If the shutdown continues the Department of State, which conducts all kinds of services for Americans and programs overseas, will be severely affected.  In fiscal year 2011, when the Federal government came close to shutting down, the Department estimated that 70 percent of its Washington staff would be furloughed.

Do our Tea Party friends think these federal workers just sit idly at their desks doing nothing?  That they are some kind of luxury we cannot afford?  Wait until one of their constituents is falsely arrested and imprisoned overseas, or robbed, or badly injured, and there is no one at the State Department to help them.

Almost 800,000 children under the age of 5 die of diarrhea annually, mostly due to unsafe drinking water and poor sanitation.  Those deaths are entirely preventable.  A prolonged government shutdown would mean curtailing water and sanitation programs for millions of people in the world’s poorest countries – programs that have always had strong bipartisan support.

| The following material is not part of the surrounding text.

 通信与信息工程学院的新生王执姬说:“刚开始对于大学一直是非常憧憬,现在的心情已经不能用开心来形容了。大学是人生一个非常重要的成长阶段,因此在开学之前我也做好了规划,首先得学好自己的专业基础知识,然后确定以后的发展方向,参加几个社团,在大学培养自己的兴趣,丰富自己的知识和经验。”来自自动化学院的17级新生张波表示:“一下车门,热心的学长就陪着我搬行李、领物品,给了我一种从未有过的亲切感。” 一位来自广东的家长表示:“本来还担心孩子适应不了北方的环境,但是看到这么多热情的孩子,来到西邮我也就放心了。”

Malaria causes half a billion deaths a year, 90 percent of them children.  A continued shutdown would force the U.S. Agency for International Development to stop funding malaria prevention programs, putting tens of thousands of lives at risk.

Speaker Boehner is right.  Shutting down the Federal government is, quote, “not a damned game.”  But what the House is doing is playing Russian roulette with the U.S. economy and people’s lives.  There is no excuse for it, and the Speaker has two choices:  stop it, or continue to roll the dice with the U.S. economy and the lives of millions of American families and programs that protect our nation’s security. 

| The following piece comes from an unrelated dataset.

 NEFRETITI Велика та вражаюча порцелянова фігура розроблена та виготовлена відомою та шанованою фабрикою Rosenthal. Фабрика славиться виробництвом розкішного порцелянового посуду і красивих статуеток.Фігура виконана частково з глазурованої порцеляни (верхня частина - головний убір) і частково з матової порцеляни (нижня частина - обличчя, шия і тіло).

At the State Department, the shutdown has already forced the cancelation of International Visitors programs that enable future foreign leaders to experience this country first hand.  Instead of seeing what a great country this is, they see our political system in disarray.  It is embarrassing for our embassies and should be embarrassing to all of us.

Despite the shutdown, the State Department still must ensure the health, safety, and welfare of nearly 10,000 academic exchange participants in the United States and abroad.  Either those students and scholars will have to return home, or the organizations and universities that are responsible for implementing the exchanges continue operating without knowing if, or when, their costs will be paid.    

We have heard about the impact of the shutdown on the U.S. national security establishment, including the Department of Defense and the intelligence community.  But the shutdown may also affect the State Department’s anti-terrorism programs that support law enforcement and border controls in countries highly vulnerable to terrorist threats, such as Iraq, Afghanistan, Yemen, Kenya, and Niger.


The shutdown has halted trade talks between the EU and the United States on the Transatlantic Trade and Investment Plan.  This deal would harmonize U.S. and EU regulatory standards, and eliminate trade barriers.  It would bring real benefits to the U.S. economy. 

Yet the Tea Party shutdown has prevented U.S. trade officials from traveling to Brussels to negotiate with their EU counterparts.  Instead, EU diplomats remain at the ready to talk to nobody.   


Because of the shutdown, President Obama had to cancel his trip to Asia this week.  We hear quite a bit about the Administration’s “pivot to Asia,” but it is hard to pivot in another direction if you can’t even get one foot out of your own country. 

Who made it to the Summit instead?  China’s President  Xi [SHE] filled President Obama’s seat next to Vladimir Putin.  Is this who the Tea Party wants to lead in the lower income Asian countries?  For the sake of our economy and national security, we need our President to have a seat at the table.

The list goes on and on, but these are just a few of the impacts of the shutdown that are only beginning to be felt.  As this needless work stoppage drags on and more people are furloughed and programs are cancelled, our diplomats, our international development programs, our leadership in international organizations, and our national security will suffer.

It is as foolhardy as it is wasteful.